航空会社は、その予報と滑走路の状況や運航する航空機の限界を勘案し、さらに商業的に成り立つかも判断します。
それら様々な要因で制限され、結局は人が判断することになるので航空会社によって運航可否は変わってきます。

あまりにも風が強いと駐機中に機体が風で損傷することもありますので他空港に退避させるために欠航となる場合もあります。

滑走路に対する横風成分が大きく影響する

離着陸する方向に対しての横風成分が問題になります。
斜めから吹いている場合でもその横からの成分だけです。
例えば斜め45度から吹いている場合は1.4で割った値。
後は滑走路の状態によっても横風の規程値は変わります。
ボーイングの機体ではほぼ同じで、
乾いた滑走路では横風15m。
湿っている場合は25m。
雪が有る場合は5m。
視程が悪い場合も5mです。

およそ風速18mを越えると運航は厳しくなります。台風の位置する方角や滑走路の状態、長さ、機体重量、機種など様々な条件があります。

台風の影響はあくまでも空港周辺

飛行機への台風の影響は,離着陸(上昇+降下しているときを含む)時に空港周辺で強風が吹いているかどうかで,飛行機の飛ぶ経路に台風が存在してもあまり関係ありません。

飛び上がってしまえば、台風の直上をなんの問題もなく飛行は出来ます。

強風圏や暴風圏は天気予報のために発表しているものなので、実際の風の強さとは必ずしも一致しません。空港での風の強さが判断基準になります。

私は暴風圏内で着陸した飛行機を知っていますが、おそらく空港周辺ではそんなに風が強くなかったのでしょう。

しかも飛行機は向かい風が一定の強さで吹いてるぶんにはかなり風が強くても離着陸に問題ありませんが、台風のように、風向きがコロコロ変わったり、突風が吹いたりやんだりのムラのある風、横方向からの風だったりすると、着陸可能な風の強さは相当低くなるので、簡単に離着陸不可能になります。

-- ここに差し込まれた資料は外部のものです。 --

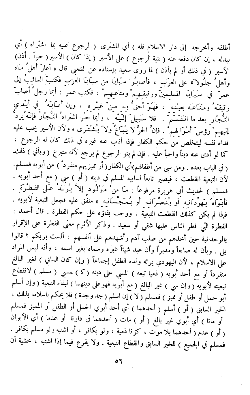 أَطْلَقَهُ وَأَخْرَجَهُ إلَى دَارِ الْإِسْلَامِ فَلَهُ) أَيْ: الْمُشْتَرِي (الرُّجُوعُ عَلَيْهِ بِمَا اشْتَرَاهُ) أَيْ: بِبَدَلِهِ، إنْ كَانَ دَفْعُهُ عَنْهُ (بِنِيَّةِ الرُّجُوعِ) عَلَى الْأَسِيرِ (إذَا كَانَ) الْأَسِيرُ (حُرًّا أَذِنَ) الْأَسِيرُ (فِي ذَلِكَ أَوْ لَمْ يَأْذَنْ) لِمَا رَوَى سَعِيدٌ بِإِسْنَادِهِ عَنْ الشَّعْبِيِّ قَالَ " أَغَارَ أَهْلُ مَاهَ وَأَهْلُ جَلُولَاءَ عَلَى الْعَرَبِ فَأَصَابُوا سَبَايَا مِنْ سَبَايَا الْعَرَبِ فَكَتَبَ السَّائِبُ إلَى عُمَرَ فِي سَبَايَا الْمُسْلِمِينَ وَرَقِيقِهِمْ وَمَتَاعِهِمْ، فَكَتَبَ عُمَرُ أَيُّمَا رَجُلٍ أَصَابَ رَقِيقَهُ وَمَتَاعَهُ بِعَيْنِهِ، فَهُوَ أَحَقُّ بِهِ مِنْ غَيْرِهِ وَإِنْ أَصَابَهُ فِي أَيْدِي التُّجَّارِ بَعْدَ مَا انْقَسَمَ، فَلَا سَبِيلَ إلَيْهِ وَأَيُّمَا حُرٍّ اشْتَرَاهُ التُّجَّارُ فَإِنَّهُ يَرُدُّ إلَيْهِمْ رُءُوسَ أَمْوَالِهِمْ فَإِنَّ الْحُرَّ لَا يُبَاعُ وَلَا يُشْتَرَى "؛ وَلِأَنَّ الْأَسِيرَ يَجِبُ عَلَيْهِ فِدَاءُ نَفْسِهِ لِيَتَخَلَّصَ مِنْ حُكْمِ الْكُفَّارِ فَإِذَا أَنَابَ عَنْهُ غَيْرَهُ فِي ذَلِكَ كَانَ لَهُ الرُّجُوعُ، كَمَا لَوْ أَدَّى عَنْهُ دَيْنًا وَاجِبًا عَلَيْهِ فَإِنْ لَمْ يَنْوِ الرُّجُوعَ لَمْ يَرْجِعْ؛ لِأَنَّهُ مُتَبَرِّعٌ (وَيَأْتِي) ذَلِكَ (فِي الْبَابِ بَعْدَهُ) .

飛行機の種類・滑走路の状態・機長のクラスなど要素は様々

飛行機の種類、離着陸するときの重さ、機長が操縦するか副操縦士が操縦するか、滑走路はぬれているかどうか、滑走路の長さはどうか、などによって、ひとつひとつ細かく風速の規定が定められています。

横風が15M~20Mくらいで影響がでます。
雨や雪の時はもっとシビアです。
MD-90などはかなり横風に弱く規定値が小さいです。

一概に何メートルと言いきれません。
風の方向
飛行機の種類
滑走路の状態
機長のクラス
等々、要素は様々です。

滑走路の向きも重要な要素となり空港によっても大きく異なる

以前の経験ですが、羽田で20m/sec.を超える風が吹いていましたが、B滑走路に降りるには向かい風だったので着陸できましたが、A/C滑走路は横風だったため、離陸はできませんでした。(B滑走路は海側にのみ離着陸可能)
羽田と成田、近いのですが、風の強弱が同じではありませんし、風向きも滑走路の向きもおなじではありません。ですから、成田で離着陸できて羽田はだめ、という状況は十分ありえます。

千歳の滑走路は北向きですから
北からの風でしたら少々強くても問題ありませんが、
東西に振った場合はダメですね。